Read Audrey, Wait! Page 22


  “I think five? I’ll text him and call you back.”

  Pierce, it turned out, got off at four thirty, and James was at my house by five. I would’ve gone to his house in a heartbeat, but I was too paranoid that the paparazzi would show up and infest his cul-de-sac.

  The pictures of him and me after our first date had made it into last week’s People, accompanied by a blurb that read, “Who’s arm in arm with rock’s favorite siren? Audrey Cuttler leaves RPM Records with her unidentified new date, rumored to be a musician.” Which was a total lie, of course. James and I both had our heads down in the photo and he was way behind me. “You can see my shoe!” my mom said when she saw the photo, and sure enough, her dirty white sneaker was in the corner.

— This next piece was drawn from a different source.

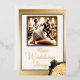 Bonita y elegante invitación a la boda con la imagen impresa de un hermoso boda floral. La novia y el novio están saltando sobre la escoba después de que el ministro dijera: "Ahora te declaro hombre y mujer". Una auténtica invitación al Relieve metalizado con colores dorados y blancos cremosos. En la esquina derecha hay una hermosa flor de hidrangea amarilla de color agua.

James’s mom had apparently sent a copy to his grandparents in Oregon. “She used to send copies of report cards and, like, Little League photos,” James had sighed when he found out.

  But all of that was out of my head now. All I wanted to do was apologize to him and make it right, make it like it was before.

  So of course I answered the door wearing a ring made of aluminum foil around my head.

  “What is that?” James said after he had rushed inside and Pierce squealed out of our driveway. He tapped at my makeshift arts-and-crafts project with one finger. “Are you trying to attract aliens?”

  “No, they’ve probably already heard of me. But this,” I added as I gestured to my head, “is my halo.”

  “Your what?”

  “My halo. You might have noticed that it was missing earlier today. But good news! I found it! And it was sitting next to a big apology for you.”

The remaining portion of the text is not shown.